■ Task to complete
The answer must consist only of the lines in the records below from the line with "礼拝の様子 今年も地域の方がたくさん来てくださいました。 |" to the line with "Coraline is a", both included, copied word for word with every picture left out.

■ Exercise inputs
============================================================
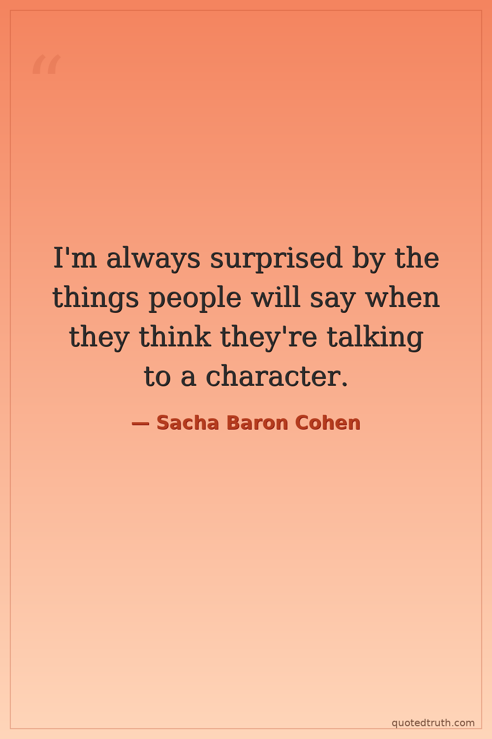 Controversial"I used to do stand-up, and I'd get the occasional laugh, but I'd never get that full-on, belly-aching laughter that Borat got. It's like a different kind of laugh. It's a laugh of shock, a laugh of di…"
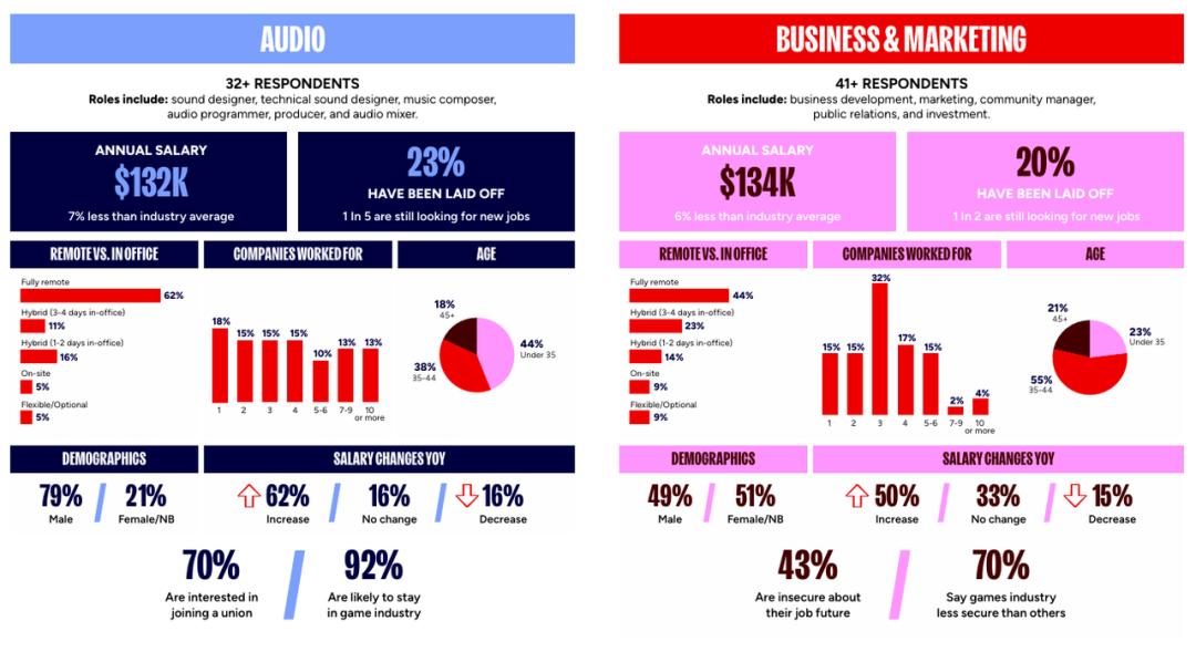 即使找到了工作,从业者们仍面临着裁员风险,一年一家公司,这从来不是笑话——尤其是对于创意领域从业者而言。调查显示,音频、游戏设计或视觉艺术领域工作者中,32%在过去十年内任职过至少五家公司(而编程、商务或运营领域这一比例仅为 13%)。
============================================================
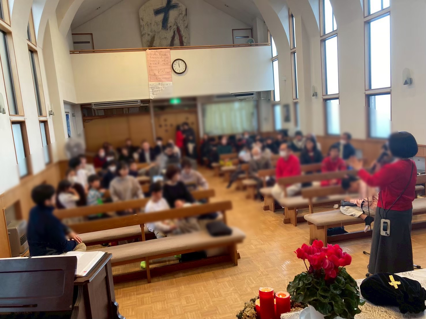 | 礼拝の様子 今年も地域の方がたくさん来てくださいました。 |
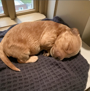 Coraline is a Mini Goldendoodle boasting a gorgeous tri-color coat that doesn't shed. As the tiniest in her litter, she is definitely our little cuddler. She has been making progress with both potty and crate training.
============================================================
■ Solution below
 | 礼拝の様子 今年も地域の方がたくさん来てくださいました。 |
 Coraline is a Mini Goldendoodle boasting a gorgeous tri-color coat that doesn't shed. As the tiniest in her litter, she is definitely our little cuddler. She has been making progress with both potty and crate training.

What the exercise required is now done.